JV PARTNERS MAY REVIVE INSURANCE

A lot is happening in the insurance sector as well.

Because of the FDI norms being changed from 26 to 49% last year, Roopank points out that there are almost 6-7 insurance companies which are either negotiating about increasing their stake in their joint venture partnership which means that they will have more capital at hand, they can invest more and also build a different business model.

“Insurance was going through a very rough phase because of regulations, a difficult market, but last year has been good with regard to premium. People are expecting a lot more now. We were seeing exodus from insurance onto the other sectors which may possibly stop now.

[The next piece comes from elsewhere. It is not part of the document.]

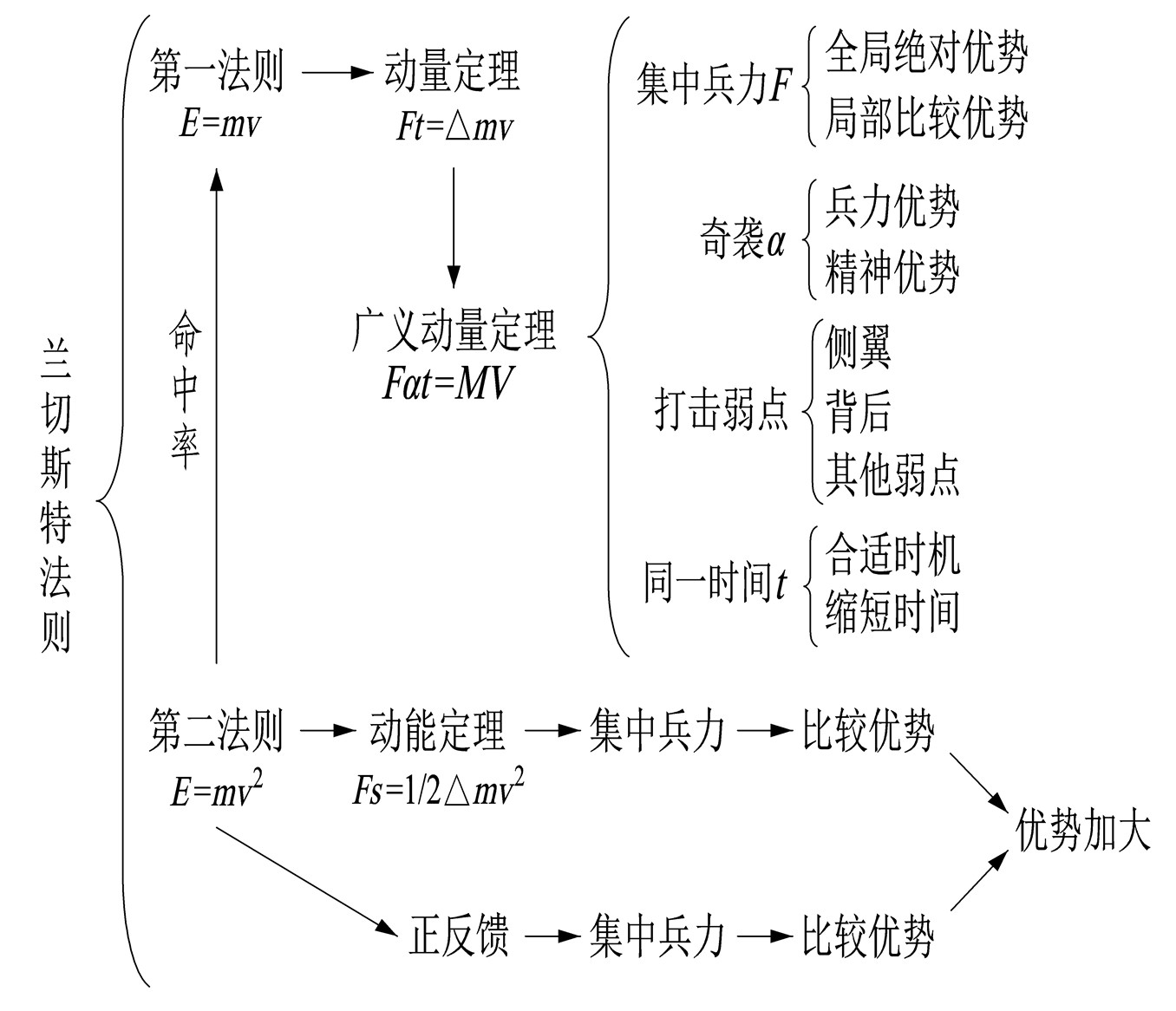 战争的基本原则为:集中优势兵力F,使用正奇作战方式(方向α),在同一时间t,打击敌人的弱点(作用点),从而使兵力的对比优势逐渐扩大,形成正反馈效应,最终以最小的代价获得最大的成果。
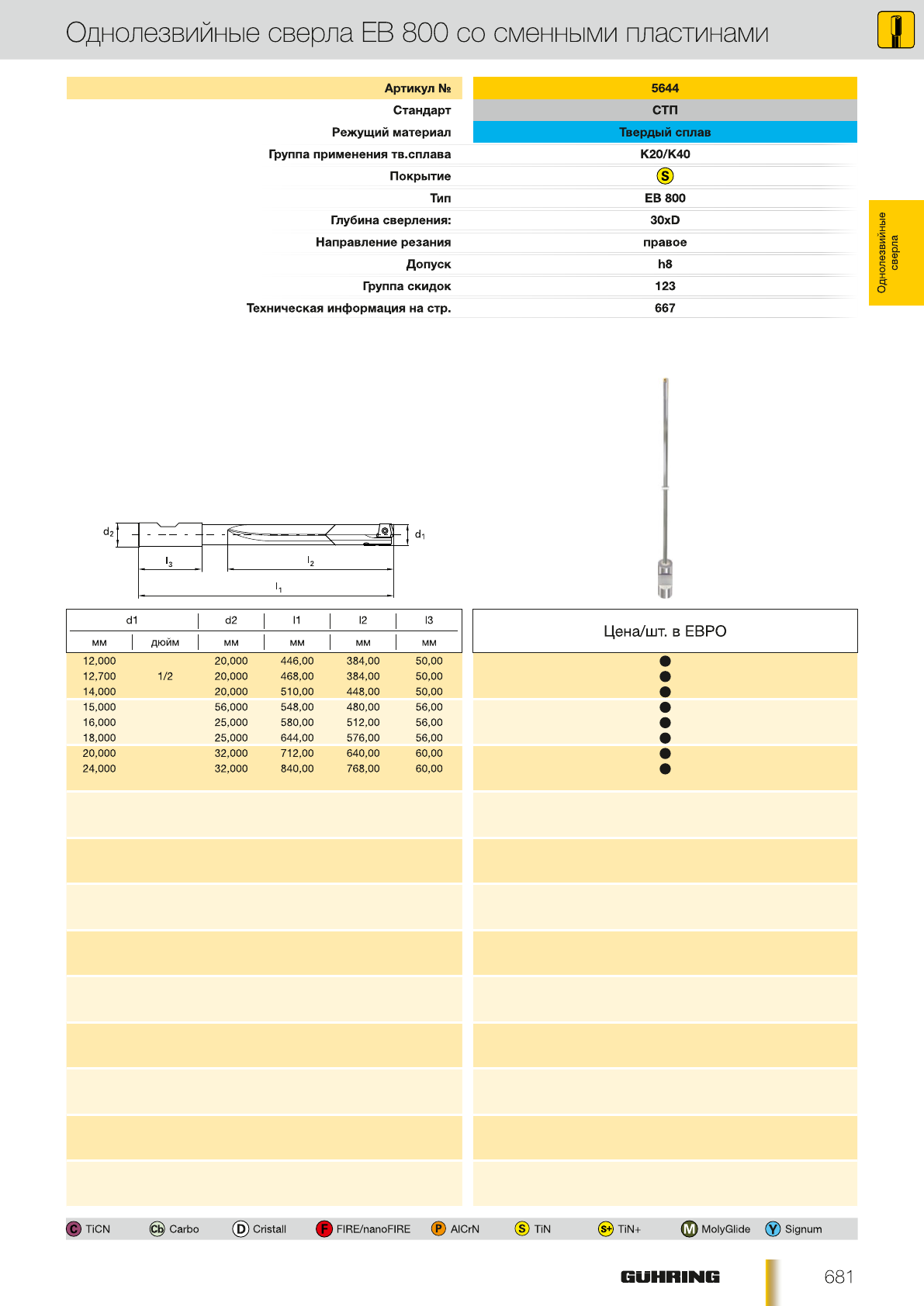 Спиральные сверла для глубокого сверления из цельного твердого сплава

Attrition will always remain high at the frontline level but overall as a sector, given the infusion of more capital and once the joint venture partners bring in more money, we will see revival happening.”

PAYMENT BANKS PAVE WAY FOR WAR FOR TALENT BEYOND BANKING SECTOR

Moving on to the payment banks sector, this space has created a war for talent which is now going beyond banking. Earlier banks were competing with FMCG, telecom, IT only for shared services. All shared services moved all across industries, not only financial services.

“Now, payment banks are not only competing with e-commerce companies, they are also hiring digital bankers, telecom personnel because this business is more about technology, distribution and mobile biz app than pure banking. For this sector, we are seeing movement across IT,
Telecom into banking which we haven’t seen before on the business side,” says
Roopank.

HOW ATTRITION LEVELS CAN SEE A DECLINE:

Meanwhile, the attrition levels have fallen from 27% to 21% in banking sector in 2015. This is the trend for all industries. In terms of salary increase numbers, banking is at 8.3 while NBFCs is at 10.5%.

On ways the industry is trying to lower attrition levels, Roopank says: “This above numbers mean there are some sectors which are still paying high. NBFCs have shown an increase because they have done well as a business. Moreover, variable pay tends to be much higher in banking so people make up in bonus. There are several other benefits like better career opportunities, better leader programs etc. Moreover, Indian private sector banks have been about stocks, they have good valuations and the prospects of making money are bright. Smaller banks are giving better portfolio. We are seeing insurance and NBFC which in the past hadn’t focused on talent mobility, rotation and career opportunity but are focusing on them now. They are becoming far more structured and systematic in their HR agenda. Those things which were taken care of in banking are therefore now spilling to these two areas to retain talent.”